### RECORDED INFORMATION

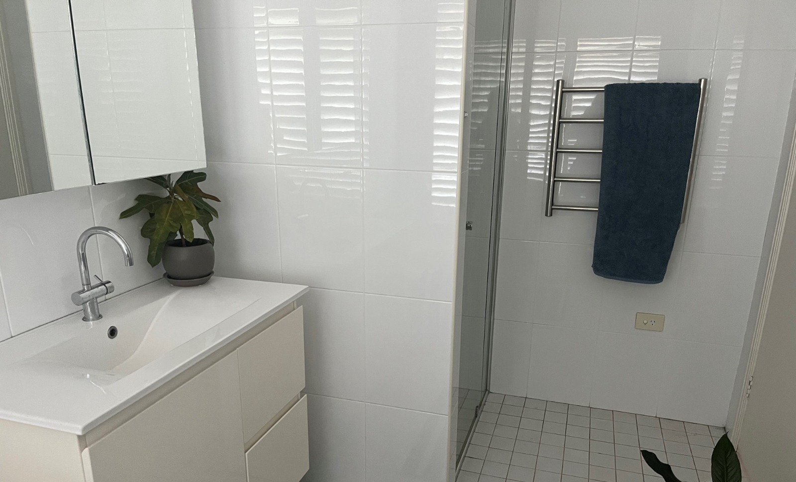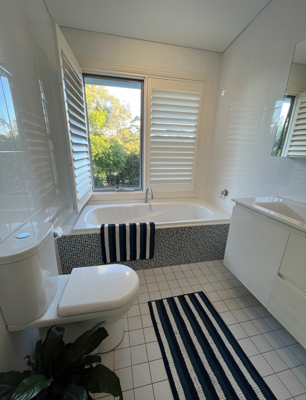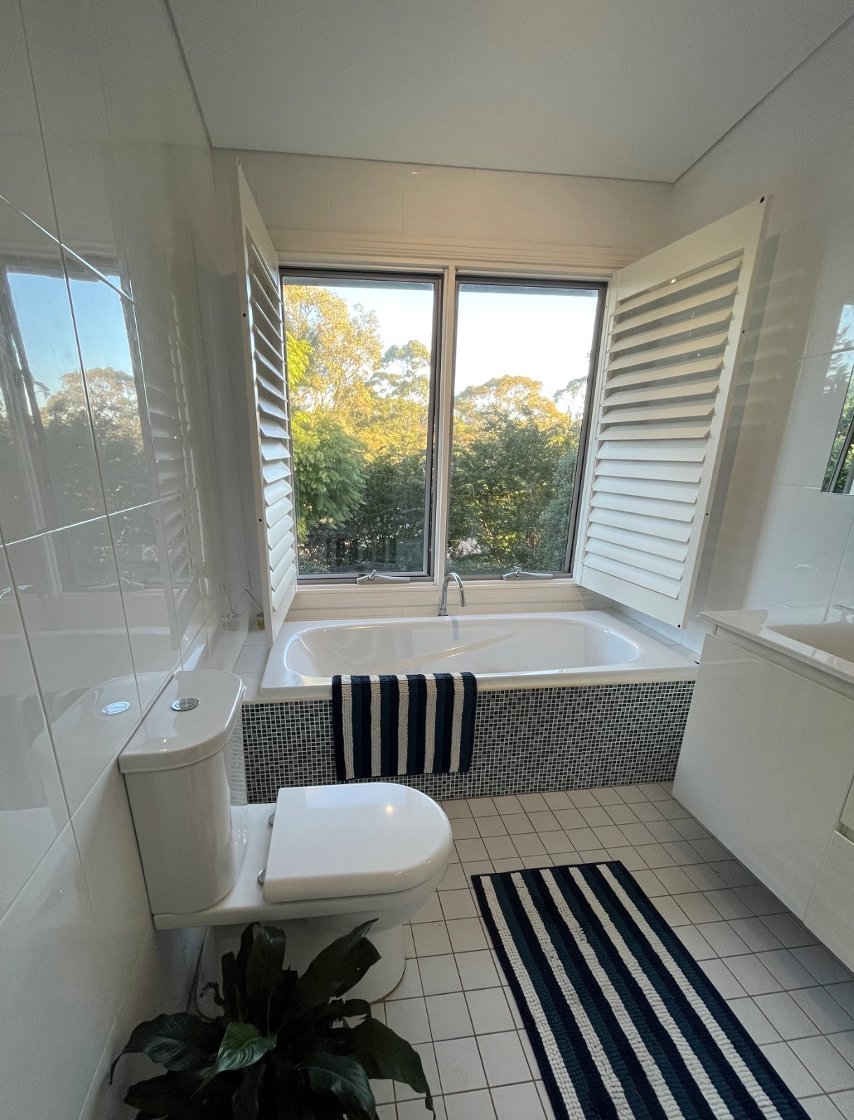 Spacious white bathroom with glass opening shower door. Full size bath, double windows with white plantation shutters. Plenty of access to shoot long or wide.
---
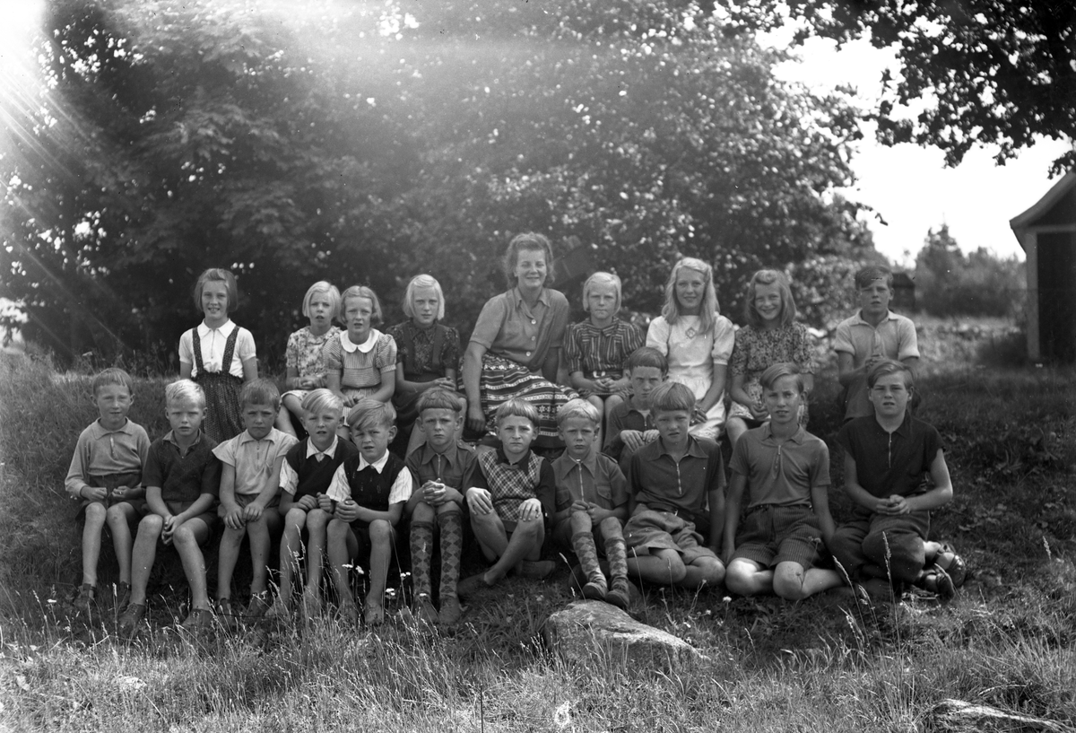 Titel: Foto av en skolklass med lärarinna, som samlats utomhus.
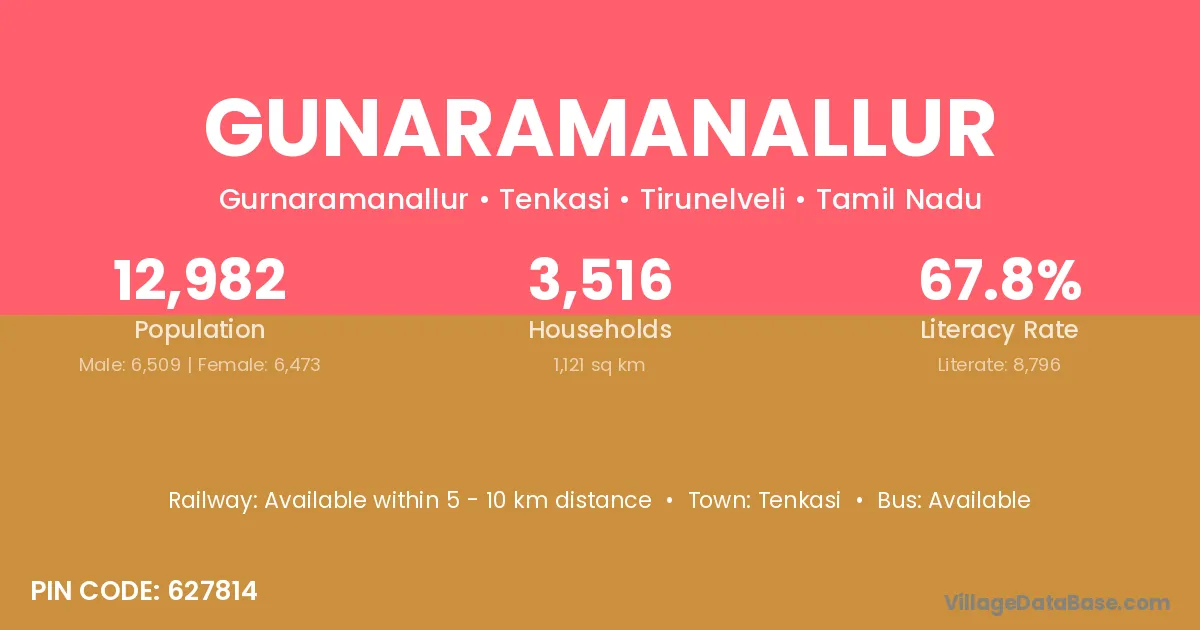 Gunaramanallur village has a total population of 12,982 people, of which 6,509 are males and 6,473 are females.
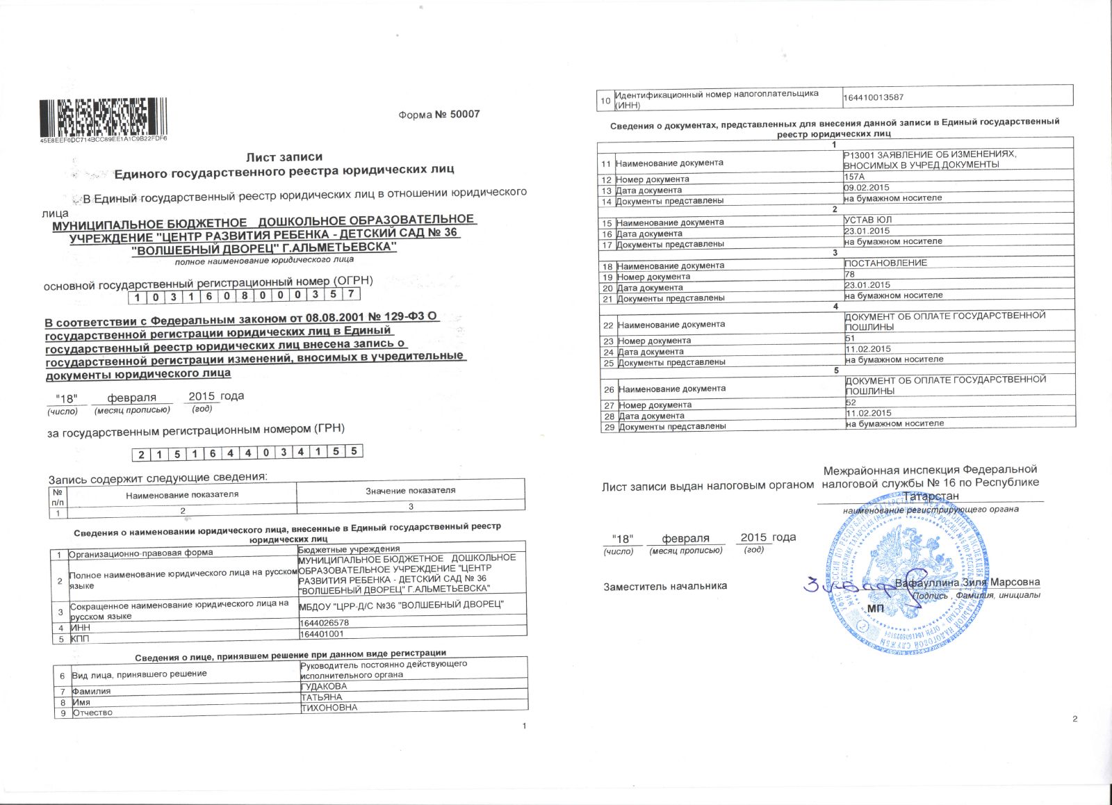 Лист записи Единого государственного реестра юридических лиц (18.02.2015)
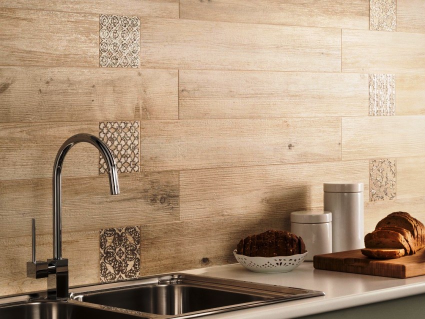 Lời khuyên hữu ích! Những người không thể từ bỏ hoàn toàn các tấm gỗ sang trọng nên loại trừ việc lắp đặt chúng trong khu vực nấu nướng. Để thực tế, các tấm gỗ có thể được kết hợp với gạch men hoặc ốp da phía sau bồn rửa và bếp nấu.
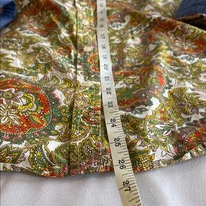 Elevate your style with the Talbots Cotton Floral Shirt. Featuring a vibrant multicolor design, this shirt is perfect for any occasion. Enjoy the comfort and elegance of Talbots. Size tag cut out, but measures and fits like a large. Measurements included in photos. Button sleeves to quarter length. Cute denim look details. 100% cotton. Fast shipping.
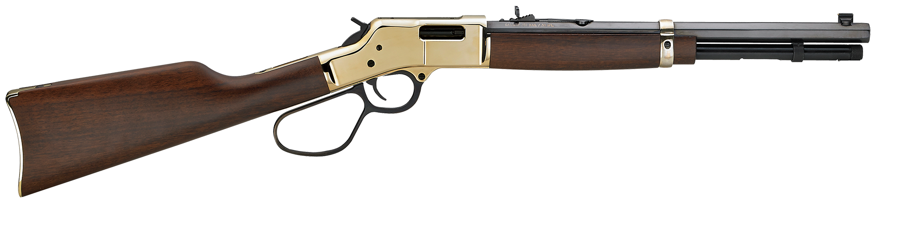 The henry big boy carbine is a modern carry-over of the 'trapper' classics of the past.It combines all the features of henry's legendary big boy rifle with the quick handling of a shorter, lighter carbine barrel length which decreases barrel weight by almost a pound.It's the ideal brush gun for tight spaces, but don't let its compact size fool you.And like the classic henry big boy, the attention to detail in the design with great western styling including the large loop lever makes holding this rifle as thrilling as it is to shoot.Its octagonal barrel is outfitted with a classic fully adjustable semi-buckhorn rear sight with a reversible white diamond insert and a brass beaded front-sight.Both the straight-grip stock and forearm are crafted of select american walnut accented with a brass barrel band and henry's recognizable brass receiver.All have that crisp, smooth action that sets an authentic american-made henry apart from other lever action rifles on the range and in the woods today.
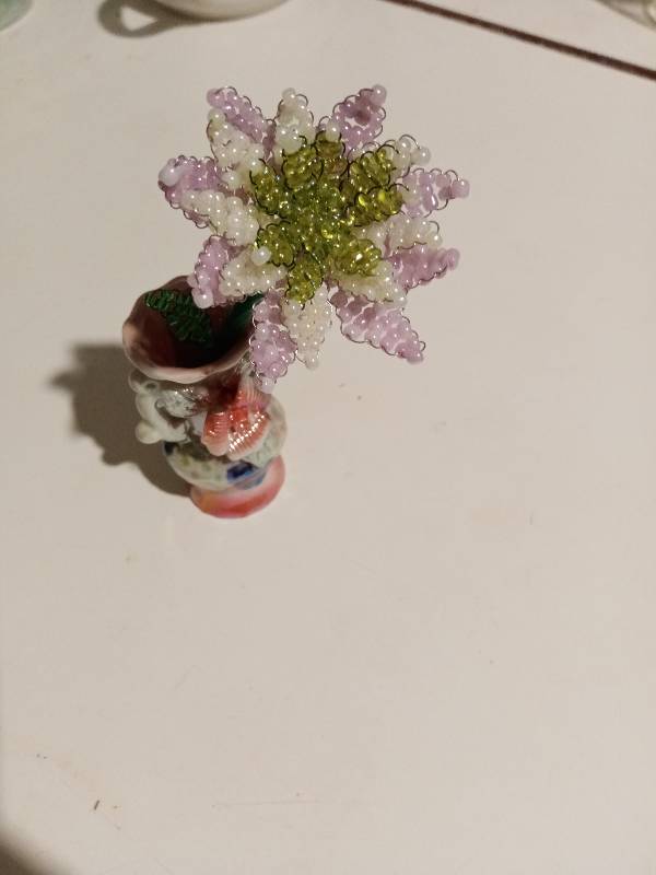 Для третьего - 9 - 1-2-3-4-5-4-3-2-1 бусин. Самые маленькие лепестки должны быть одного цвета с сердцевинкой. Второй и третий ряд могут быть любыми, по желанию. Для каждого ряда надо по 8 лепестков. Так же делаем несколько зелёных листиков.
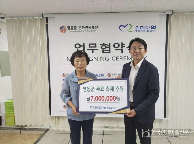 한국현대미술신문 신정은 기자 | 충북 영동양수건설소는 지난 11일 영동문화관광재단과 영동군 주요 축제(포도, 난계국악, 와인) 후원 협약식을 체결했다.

### WHAT IS REQUIRED
Return exactly the lines above, from the one with "Lời khuyên hữu" up to and including the one with "Elevate your style", and include no pictures.

### FINAL ANSWER
 Lời khuyên hữu ích! Những người không thể từ bỏ hoàn toàn các tấm gỗ sang trọng nên loại trừ việc lắp đặt chúng trong khu vực nấu nướng. Để thực tế, các tấm gỗ có thể được kết hợp với gạch men hoặc ốp da phía sau bồn rửa và bếp nấu.
 Elevate your style with the Talbots Cotton Floral Shirt. Featuring a vibrant multicolor design, this shirt is perfect for any occasion. Enjoy the comfort and elegance of Talbots. Size tag cut out, but measures and fits like a large. Measurements included in photos. Button sleeves to quarter length. Cute denim look details. 100% cotton. Fast shipping.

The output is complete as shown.